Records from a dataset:
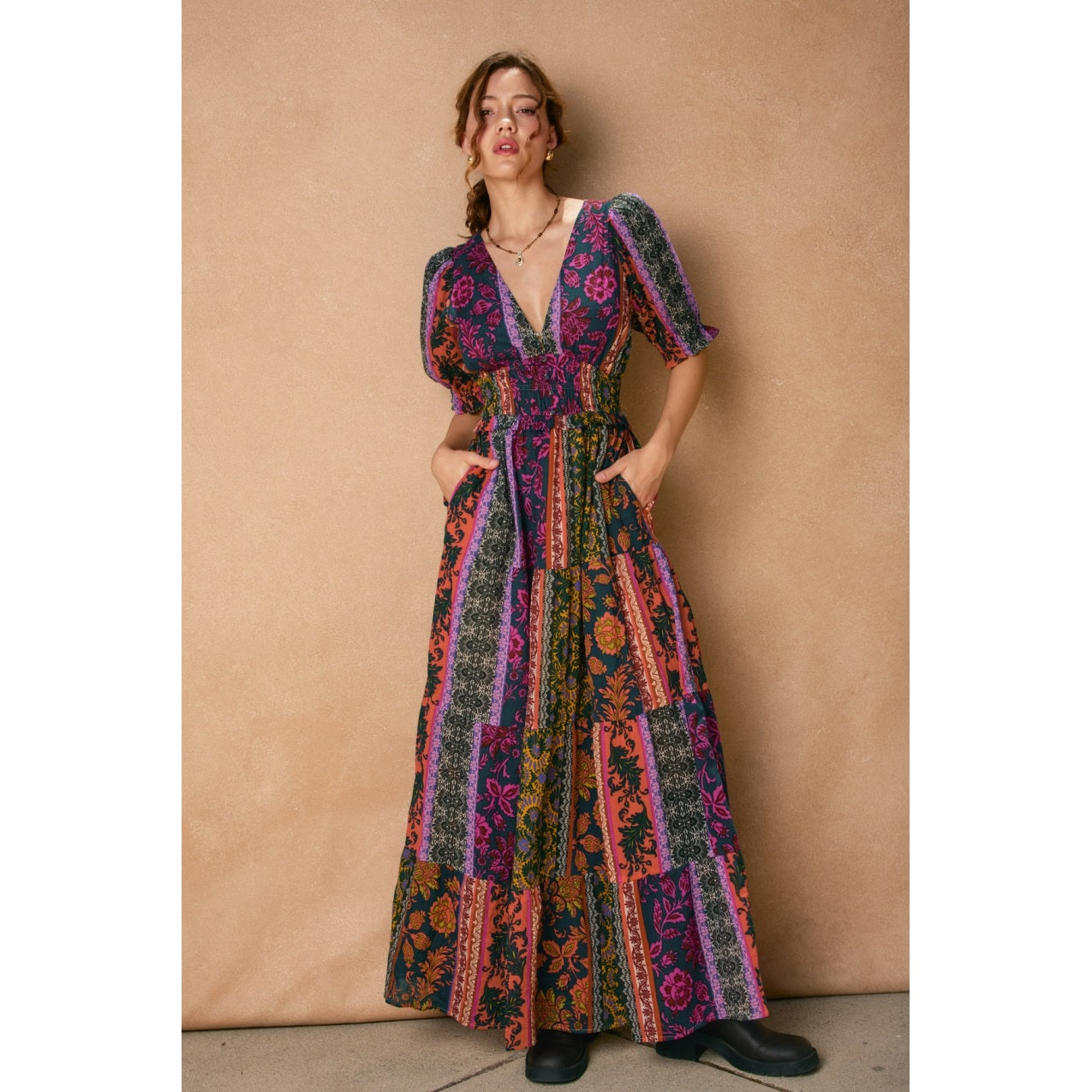 This paisley print maxi dress features a plunging neckline and a cinched waist accented with button details. Designed with puff sleeves ending in ruffled elastic cuffs and a tiered skirt with a slit, it offers both style and comfort. Equipped with side pockets and fully lined, this dress is crafted from 100% cotton for a refined look. The model is 5'6" and wears a size Small.
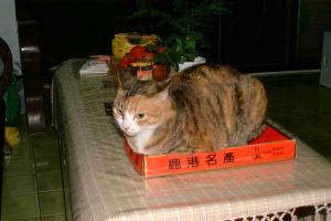 因為牠老扒著這個盒子當牠滴 [寶座],
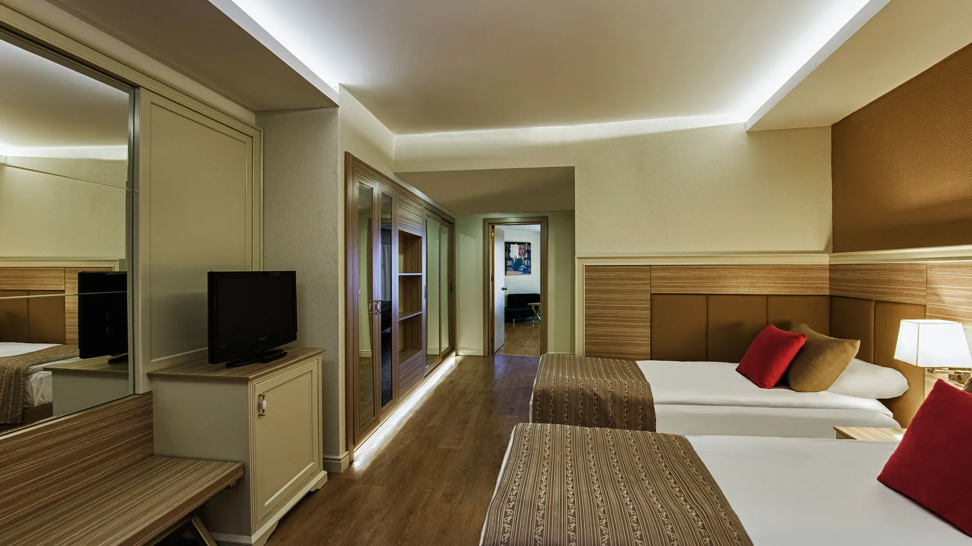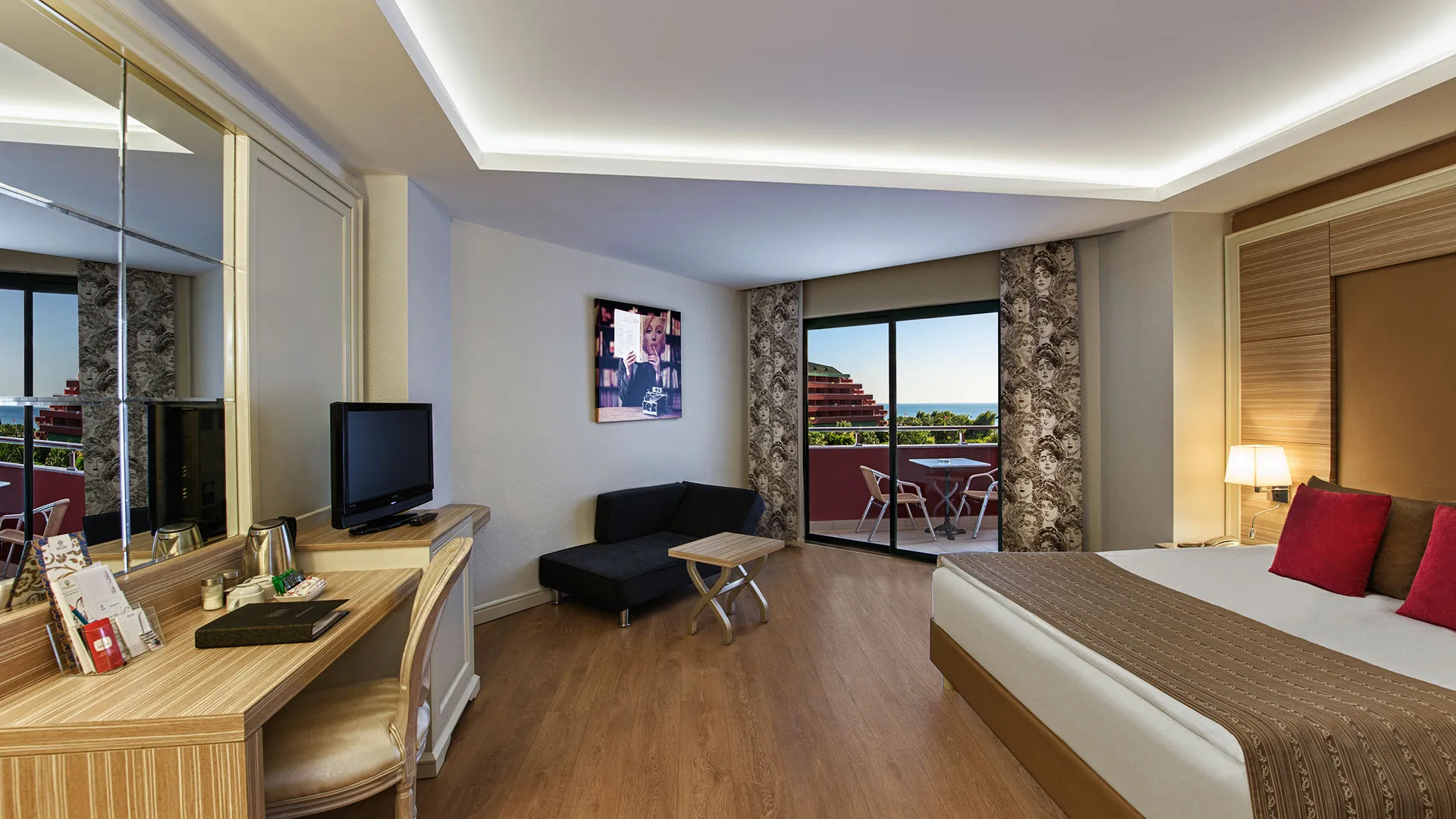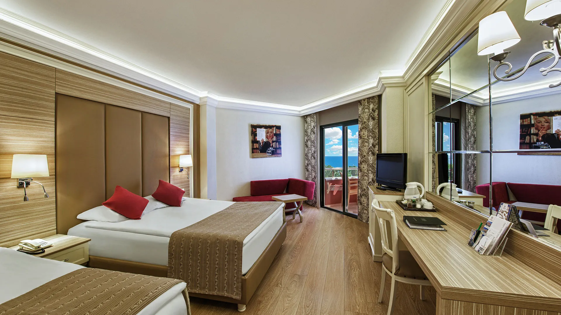 Настаняването в Delphin Deluxe включва различни типове стаи и апартаменти, всички обзаведени с внимание към детайлите и предоставящи комфорт и лукс. Стаите са оборудвани с модерни удобства като климатик, телевизор, минибар, сейф и балкон или тераса с изглед към морето или красивите градини на хотела. Стилният интериор и уютната обстановка създават идеално място за релаксация и отдих.
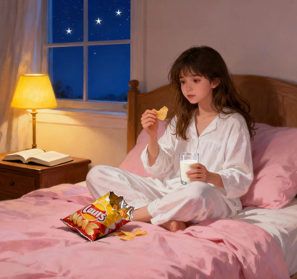 當(dāng)晚餐所吃的食物基本被消化后,人體在睡前容易感到饑餓。如果此時進食,不久后便要入睡,未被消耗的熱量就容易囤積在身體里,造成肥胖。像一些小伙伴,晚上追劇、玩手機游戲時,常常會忍不住吃些堅果、薯片、巧克力之類的零食,或者喝點奶茶、可樂等含糖飲料,這些高熱量食物在睡前攝入,可就很難被消耗掉了。
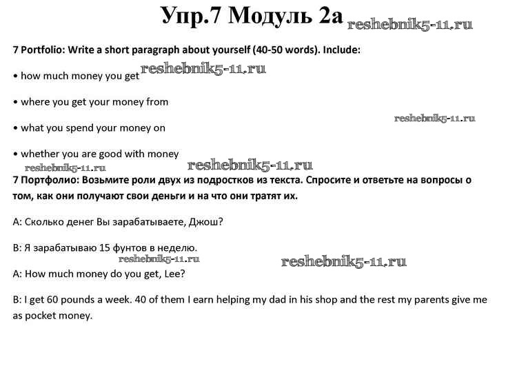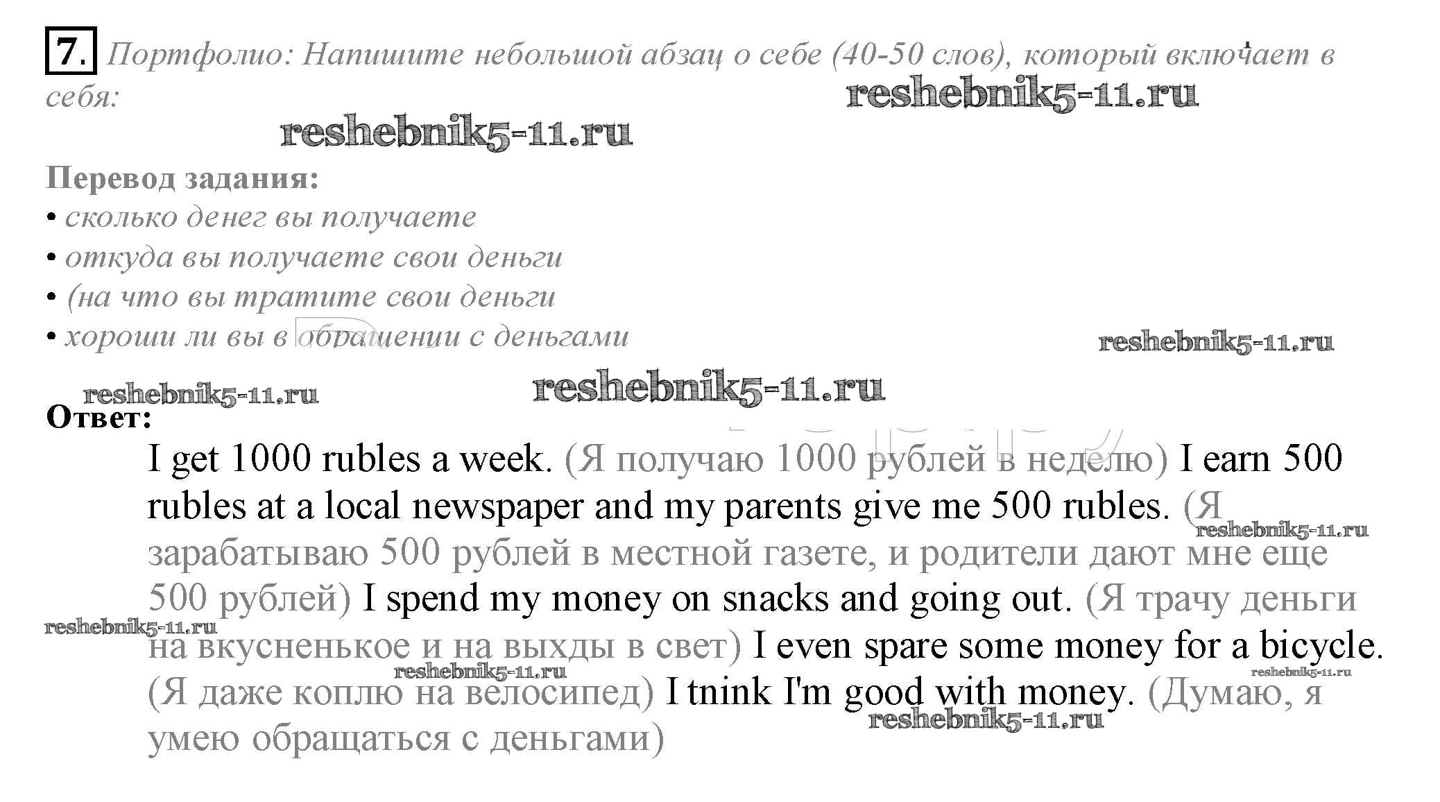 Готовая домашняя работа с ответами по Английскому языку за 10 класс Афанасьева, Дули, Михеева, Оби, Эванс Учебник Spotlight Просвещение 2015 ФГОС - Часть 2a 7
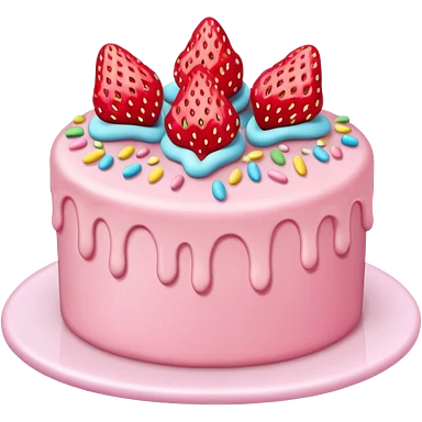 white cake with strawberries, colorful sprinkles, and small flowers on top emoji
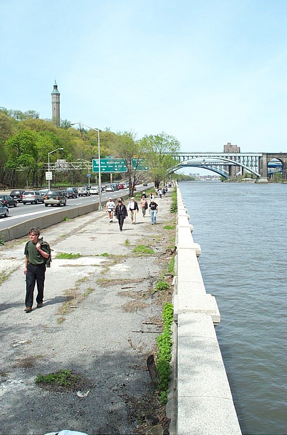 Hikers participating in the May 3, 2003 "Great Saunter" around the Manhattan waterfront. The Highbridge Tower watches over the area from the upper left.
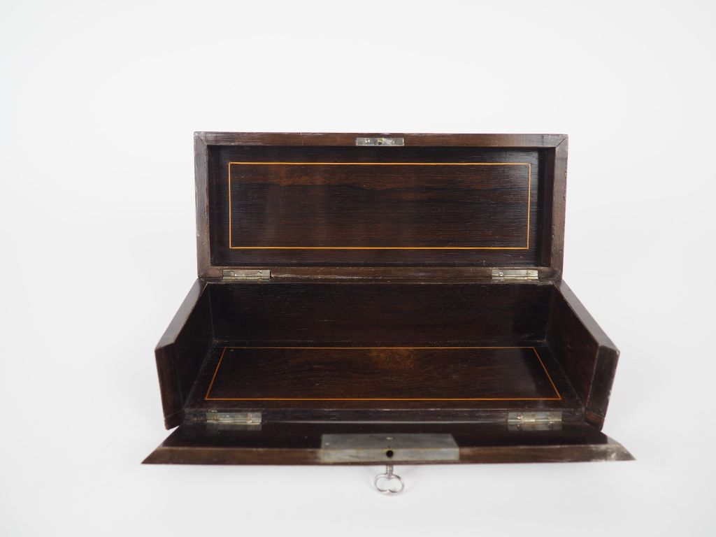 Coffret Napoléon III en marqueterie à décor de cygne nageant dans une vasque. Dim. 9 x 27 x 11 cm.
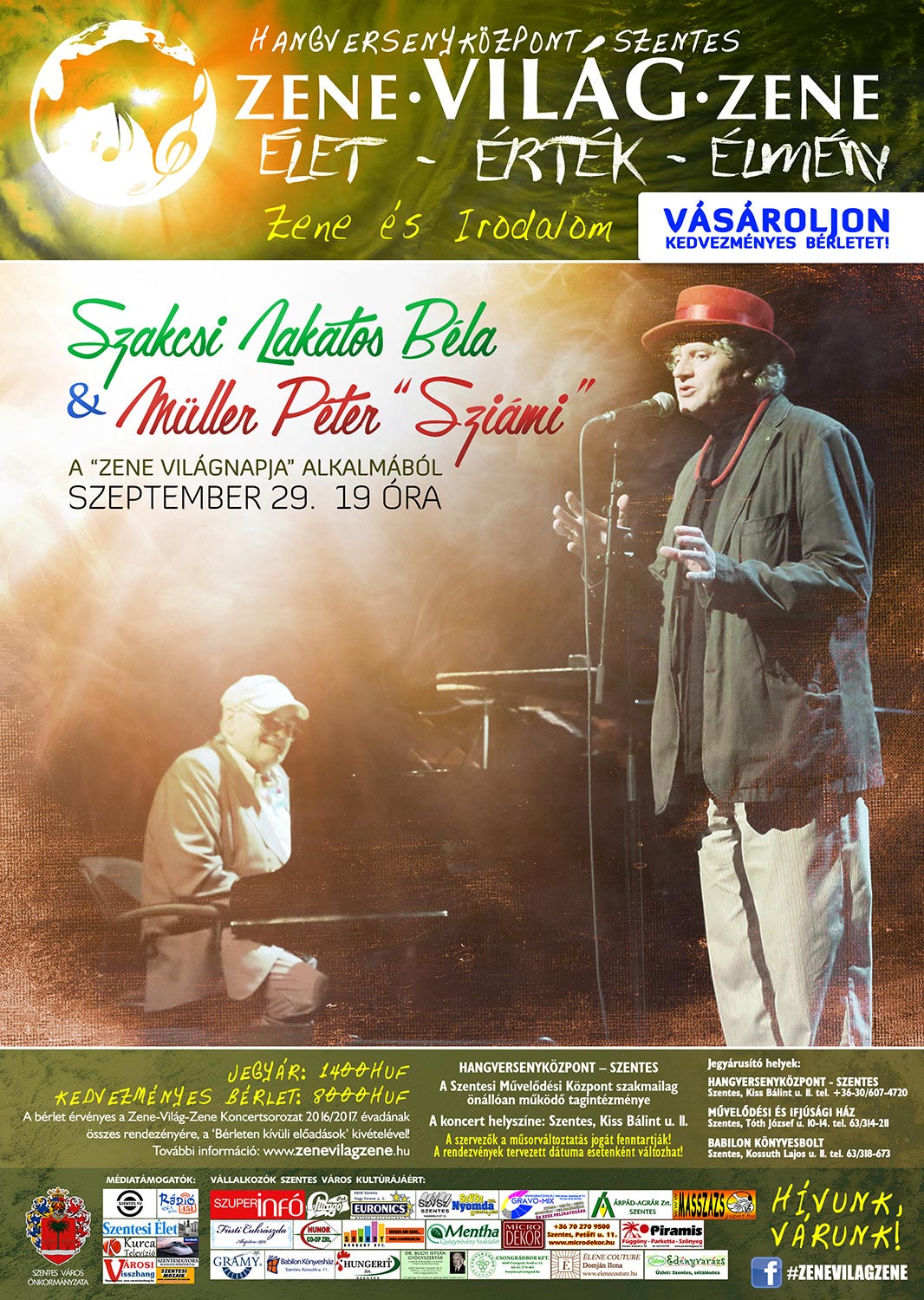 Zene-Világ-Zene - Zene és Irodalom A "Zene Világnapja" alkalmából 2016. szeptember 29. (csütörtök) 19 órai kezdettel Szakcsi Lakatos Béla és Müller Péter "Sziámi" lesz a vendég a Hangversenyközpontban.
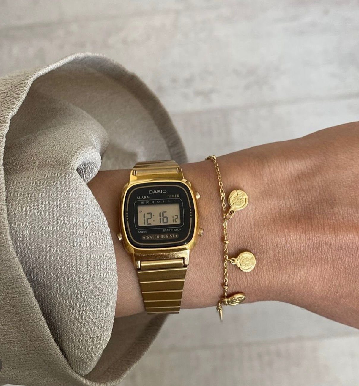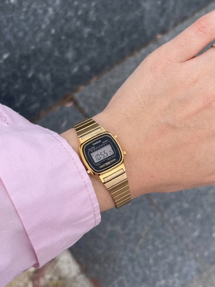 Casio Vintage LA670WGA women digital watch is a perfect blend of retro style and modern functionality. Designed for girls who love minimal yet stylish accessories, this watch comes with a classic digital display, gold metal strap, and multiple useful features like alarm, stopwatch, and date display. Lightweight, comfortable, and highly durable — perfect for daily wear.

### WORK INSTRUCTIONS
Exactly as they appear above, give the records again, without their pictures.

### ANSWER TO THIS TASK
 This paisley print maxi dress features a plunging neckline and a cinched waist accented with button details. Designed with puff sleeves ending in ruffled elastic cuffs and a tiered skirt with a slit, it offers both style and comfort. Equipped with side pockets and fully lined, this dress is crafted from 100% cotton for a refined look. The model is 5'6" and wears a size Small.
 因為牠老扒著這個盒子當牠滴 [寶座],
 Настаняването в Delphin Deluxe включва различни типове стаи и апартаменти, всички обзаведени с внимание към детайлите и предоставящи комфорт и лукс. Стаите са оборудвани с модерни удобства като климатик, телевизор, минибар, сейф и балкон или тераса с изглед към морето или красивите градини на хотела. Стилният интериор и уютната обстановка създават идеално място за релаксация и отдих.
 當(dāng)晚餐所吃的食物基本被消化后,人體在睡前容易感到饑餓。如果此時進食,不久后便要入睡,未被消耗的熱量就容易囤積在身體里,造成肥胖。像一些小伙伴,晚上追劇、玩手機游戲時,常常會忍不住吃些堅果、薯片、巧克力之類的零食,或者喝點奶茶、可樂等含糖飲料,這些高熱量食物在睡前攝入,可就很難被消耗掉了。
 Готовая домашняя работа с ответами по Английскому языку за 10 класс Афанасьева, Дули, Михеева, Оби, Эванс Учебник Spotlight Просвещение 2015 ФГОС - Часть 2a 7
 white cake with strawberries, colorful sprinkles, and small flowers on top emoji
 Hikers participating in the May 3, 2003 "Great Saunter" around the Manhattan waterfront. The Highbridge Tower watches over the area from the upper left.
 Coffret Napoléon III en marqueterie à décor de cygne nageant dans une vasque. Dim. 9 x 27 x 11 cm.
 Zene-Világ-Zene - Zene és Irodalom A "Zene Világnapja" alkalmából 2016. szeptember 29. (csütörtök) 19 órai kezdettel Szakcsi Lakatos Béla és Müller Péter "Sziámi" lesz a vendég a Hangversenyközpontban.
 Casio Vintage LA670WGA women digital watch is a perfect blend of retro style and modern functionality. Designed for girls who love minimal yet stylish accessories, this watch comes with a classic digital display, gold metal strap, and multiple useful features like alarm, stopwatch, and date display. Lightweight, comfortable, and highly durable — perfect for daily wear.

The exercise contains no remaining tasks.